Un soldat Lunargenix courut à sa rencontre, haletant, la voix brisée :
— Seigneur Reykley ! Cela vient de Grash'Tal ! Une tempête glaciaire approche de nos frontières !
— Une tempête… née des cieux ?
— Oui, Seigneur. Cela fait des siècles que nous n’avions pas vu un être céleste intervenir dans notre monde.
Je compris aussitôt.
Mes yeux se figèrent, le souffle coupé.
— Les Fulgoriums… ils ont sacrifié leur peuple. Ils ont invoqué le Gardien de la Destruction.
Reykley se tourna vers moi, bouleversé.
— Si c’est vrai, il n’y a plus rien à faire pour eux. Vous devez fuir, Yukry. Allez prévenir Hectobot. Il est le dernier capable d’organiser la défense.
Ses mots résonnaient comme une prière désespérée.
Je me tournai vers Qyny, qui leva la tête sur mon épaule.

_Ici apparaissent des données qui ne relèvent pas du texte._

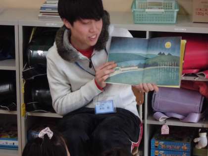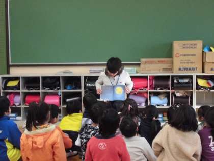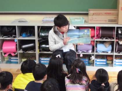 本の読聞かせをしてもらった本は,「しりたがりおつきさま」です。子どもたちは,「面白かった。」「また読んでほしい」等の感想を言っていました。

Nos regards se croisèrent — un éclat rose et bleu mêlé dans l’ombre.
Je sentis son petit cœur battre plus vite, comme si elle aussi comprenait ce qui nous attendait.
Je posai ma main sur son front et murmurai :
— Si les Hexomates et les Lunargenix sont en danger… alors nous irons. Le pacte entre nos peuples n’est pas oublié. Je ne fuirai pas.
Reykley sembla vouloir me retenir, mais il se figea.
Ses yeux s’écarquillèrent, emplis de reconnaissance et d’étonnement.
— Vous… vous êtes une Tel’Terrosmique, n’est-ce pas ?
Je hochai la tête.
Il voulut dire quelque chose, mais déjà je m’éloignais, le vent se levant derrière moi.
Qyny poussa un petit cri, et nos silhouettes s’effacèrent dans la lueur du champ lunaire.
Derrière nous, les éclairs tombaient sur l’horizon.
Devant nous, la route menait vers le destin — vers les Hexomates, les Lunargenix, et la guerre des mondes.